Items from a data source:

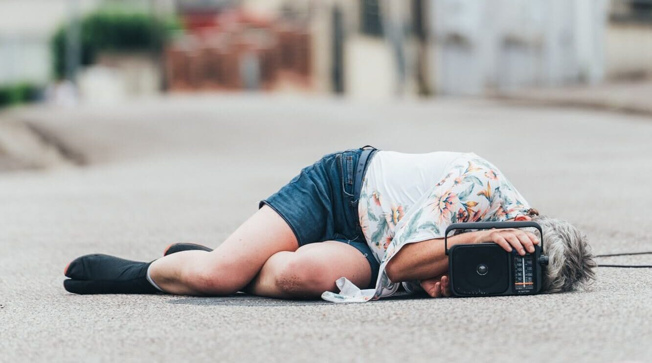 Approcher à pas de loup l’animal « travail » qui régit nos vies et nos relations sociales. Et si on le prenait au mot ? Et si on en décalait les enjeux, les injonctions ? Cinq êtres de chair fatigués, broyés, lâchent tout pour mieux réinventer un autre rapport au monde. À partir du texte d’Antoine Mouton, Laure Terrier tricote dans l’espace public, son terrain de jeu préféré, une odyssée intime et collective tissée de danse, chants, textes poèmes et radios. Une pièce qui tend l’oreille et répond aux normalisations à l’œuvre par le toucher, le son, l’humain… et l’humour aussi.
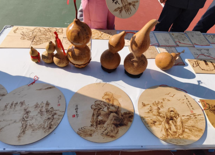 非遗与传统技艺区里,葫芦烙画社团的展台格外亮眼,形态各异的葫芦上,烙痕勾勒出人物群像与生活场景,搭配书法题字,将非遗技艺揉进校园创意;圆形木片烙画作品里,渔家劳作的画面细腻生动,墨印与烙痕交织出独特的文化质感。一旁的书画社团展台,国画组的梅枝斜逸出宣纸,书法组的软笔作品笔力舒展,引得不少同学驻足临摹笔法。
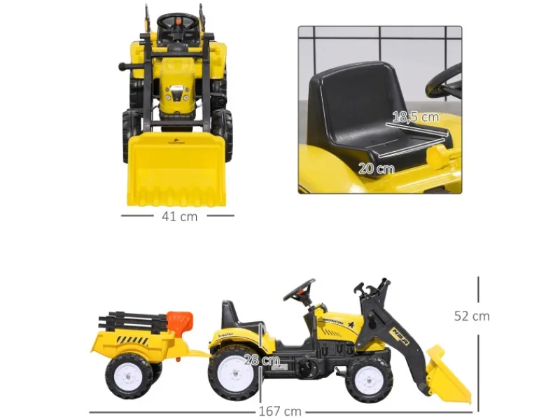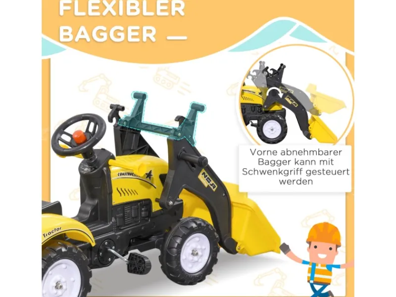 Unser gelb-schwarzer Trettraktor von HOMCOM ist das ultimative Fahrzeug für kleine Baumeister, die sich großen Herausforderungen stellen wollen. Mit seinem Frontlader und der Schaufel können sie spielend Sand, Kiesel und Schutt bewegen. Der Bagger verfügt zudem über einen Anhänger und zwei praktische Werkzeuge, um Baumaterialien und andere Gegenstände zu transportieren. Dank des Pedalantriebs und der sicheren Schutzverkleidung können die kleinen Fahrer unbeschwert spielen und fahren.
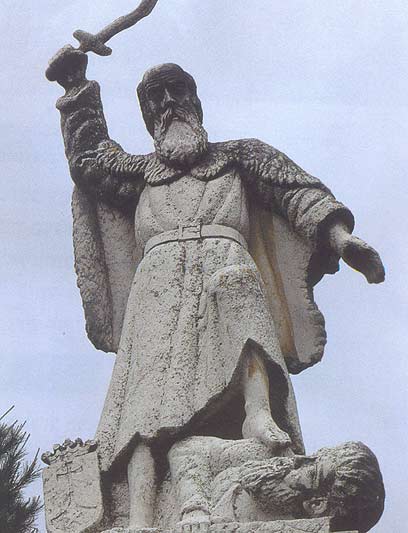 פסל הנביא אליהו, כשלרגליו ראש של נביא בעל (צילום: ארכיון קק"ל)
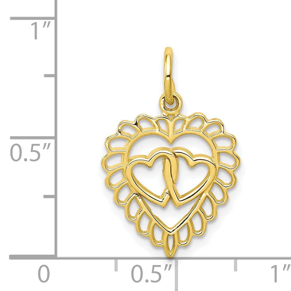 Solid 10k Yellow Gold Heart with Hearts Pendant
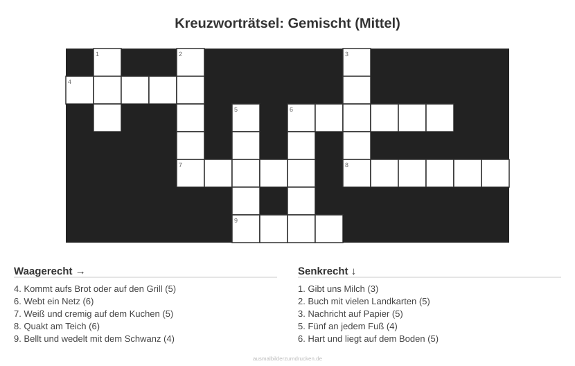 Kreuzworträtsel: Gemischt (Mittel) - kostenlos herunterladen
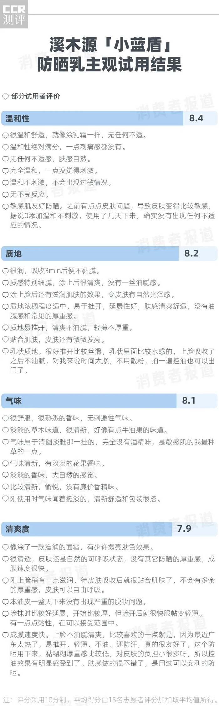 此次,本刊招募了15名平日有使用防晒产品经验的志愿者,试用了该款溪木源「小蓝盾」防晒乳,对其质地、气味、清爽度、温和性作出评分。
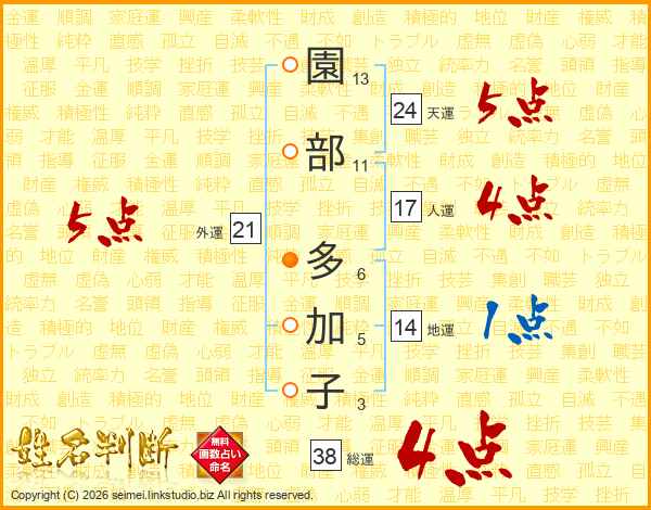園部多加子さんの総運は38画の4点!
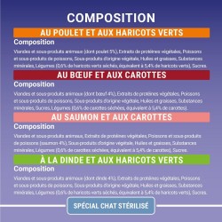 COMPOSITION: SAUMON: Viandes et sous-produits animaux, Extraits de protéines végétales, Poissons et sous-produits de poissons (saumon 4%), Sous-produits d'origine végétale, Huiles et graisses, Substances minérales, Légumes (0,6% de carottes séchées, équivalent à 5,4% de carottes), Sucres. DINDE: Viandes et sous-produits animaux (dont dinde 4%), Extraits de protéines végétales, Poissons et sous-produits de poissons, Sous-produits d'origine végétale, Huiles et graisses, Substances minérales, Légumes (0,6% de haricots verts séchés, équivalent à 5,4% de haricots verts), Sucres. POULET: Viandes et sous-produits animaux (dont poulet 5%), Extraits de protéines végétales, Poissons et sous-produits de poissons, Sous-produits d'origine végétale, Huiles et graisses, Substances minérales, Légumes (0,6% de haricots verts séchés, équivalent à 5,4% de haricots verts), Sucres. BOEUF: Viandes et sous-produits animaux (dont Boeuf 4%), Extraits de protéines végétales, Poissons et sous-produits de poissons, Sous-produits d'origine végétale, Huiles et graisses, Substances minérales, Sucres, Légumes (0,6% de carottes séchées, équivalent à 5,4% de carottes).

_Task brief_:
Retype only the lines above from the one with "Kreuzworträtsel: Gemischt (Mittel)" through the one with "園部多加子さんの総運は38画の4点!", exactly and with both ends. Images stay out.

_Answer for this exercise_:
 Kreuzworträtsel: Gemischt (Mittel) - kostenlos herunterladen
 此次,本刊招募了15名平日有使用防晒产品经验的志愿者,试用了该款溪木源「小蓝盾」防晒乳,对其质地、气味、清爽度、温和性作出评分。
園部多加子さんの総運は38画の4点!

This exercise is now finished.